Sandbox. macOS isolation via sandbox-exec with a deny-by-default network policy (loopback only) and a per-repo allowlist for outbound hosts. Other platforms run unsandboxed.

Roadmap

Two phases scope the next round of self-improvement work. Framework choice is deferred until each phase starts so the field can be re-evaluated.

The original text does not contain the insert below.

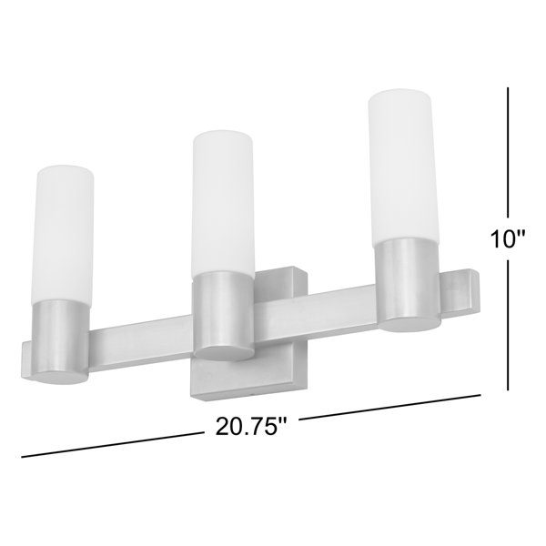 This vanity light takes a modern approach to a classic traditional style. The frame is made from metal with a rich aged brass finish and features a sleek support arm mounted on a square backplate. Three frosted cylindrical glass shades provide soft diffused light while adding a curated touch we love. Inside each shade, this hardwired vanity light accommodates three 40W candelabra-based bulbs. Best of all, it's endlessly versatile: It features reversible mounting, dimmer switch compatibility, and a damp location rating that's ideal for covered porches or steamy bathrooms.
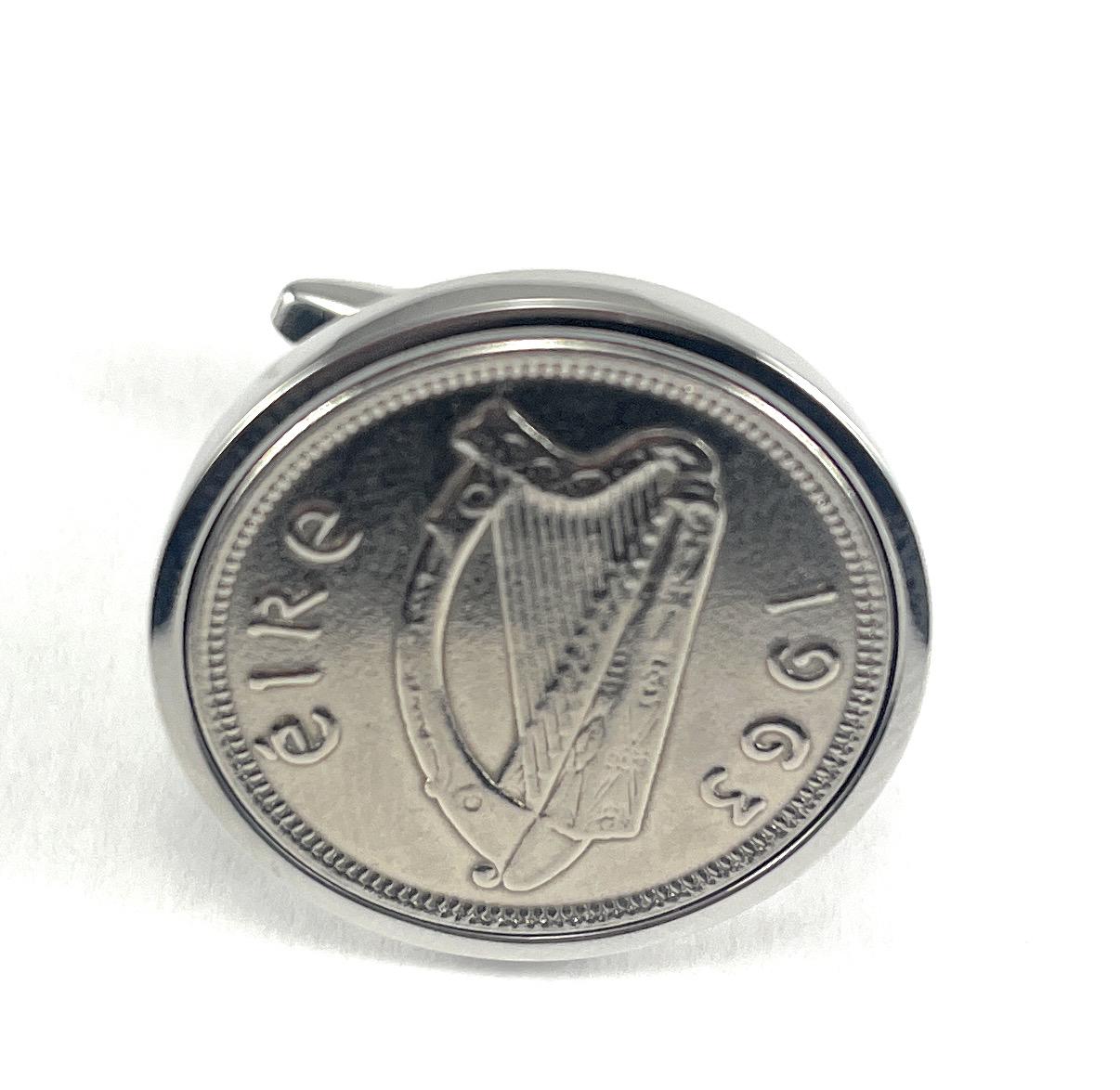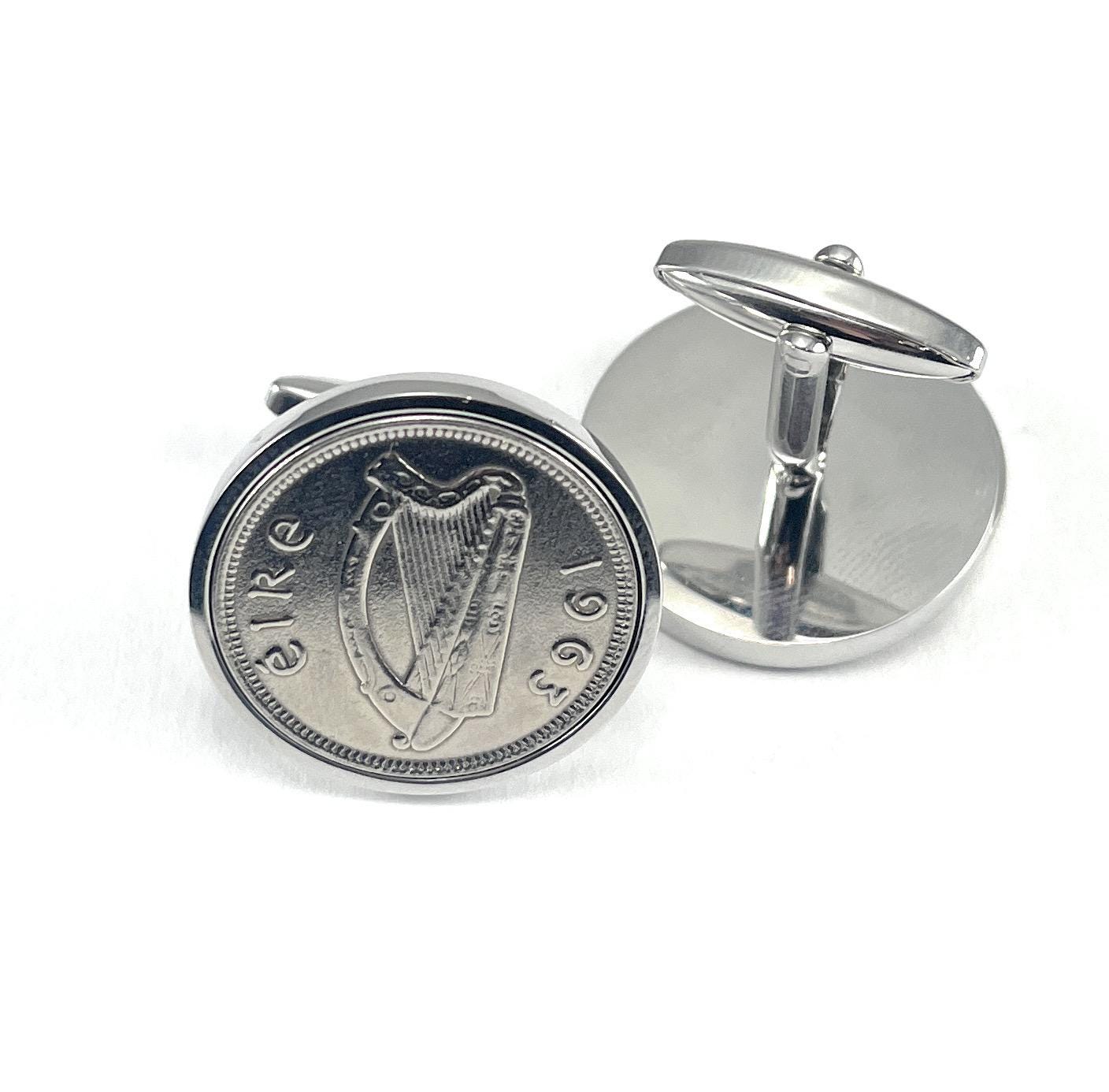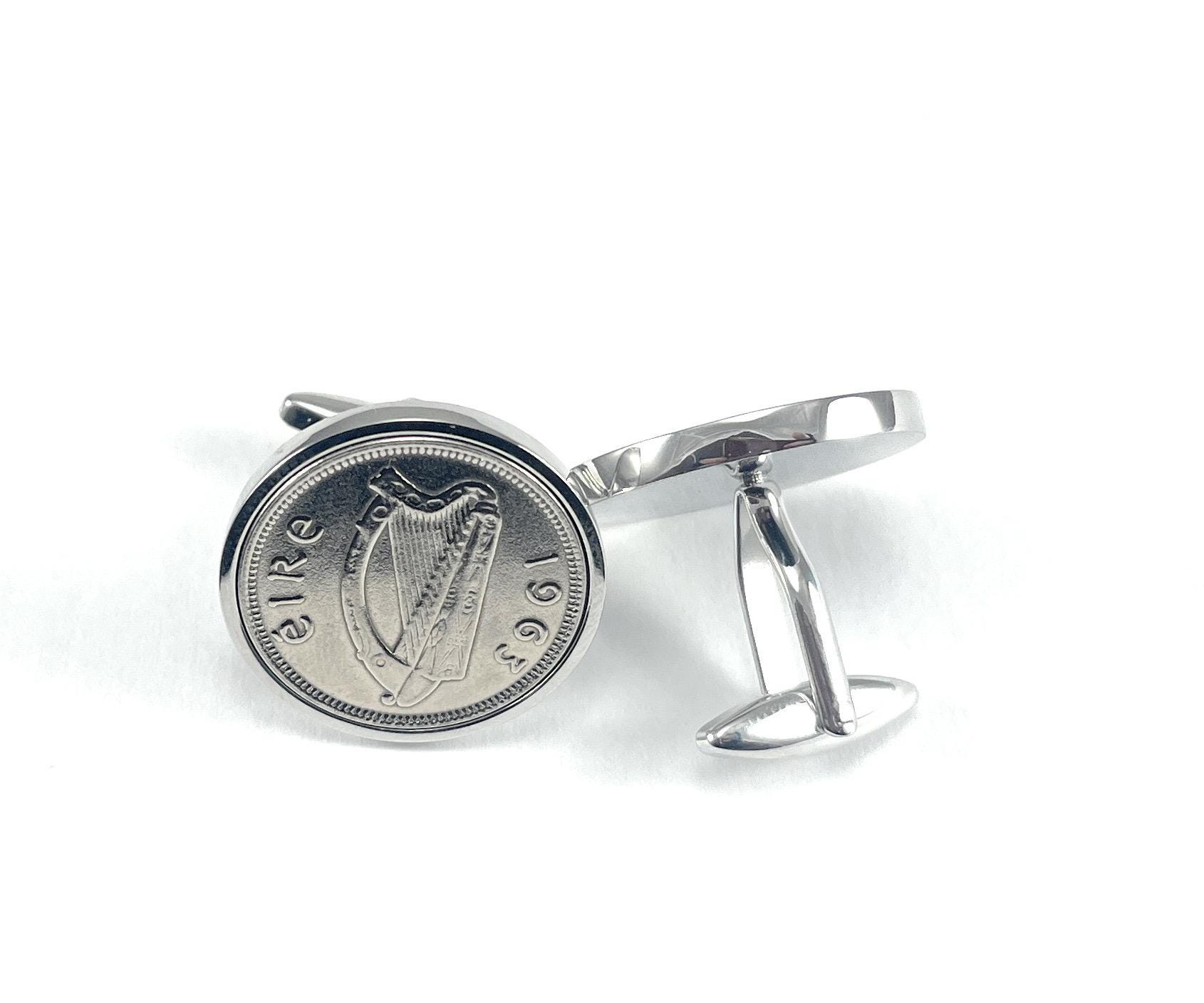 1963 Irish Shilling coin cufflinks 62nd birthday gift 23mm: Silver Plated backs

Composable evaluation & multi-environment optimization. Replace the single scalar reward with a weighted combination of dimensions — task success, token efficiency, and RLAIF (Reinforcement Learning from AI Feedback) judge scores for soft quality. Replace the single benchmark with an environment trait so any eval harness can serve as one of many objectives. Surface per-turn ATIF trajectory data so the harness can identify which turn in a multi-step run failed, not just whether the task passed.
RL training pipeline & model self-improvement. Convert ATIF trajectories into scored trajectory groups, export them as datasets for GRPO (Group Relative Policy Optimization), DPO (Direct Preference Optimization), or supervised fine-tuning (SFT), and wire the environment into a trainer that updates model weights. A model hot-swap to a local inference server closes the loop: execute → score → train → deploy → repeat. A distillation pipeline (large-model trajectories into a smaller agent model) and reward-hacking detection are explicit scope items. The committed piece is that strategic intent — a model fine-tuned for Osprey's own harness; the specific integration shape is deferred.

Status

Osprey is under active development and its source is not yet public. The optimization loop is operational: the baseline and noise floor are measured and the automated outer loop is wired. Improvement numbers will be published as candidates clear the accept gate. This page tracks the methodology and architecture as the work progresses.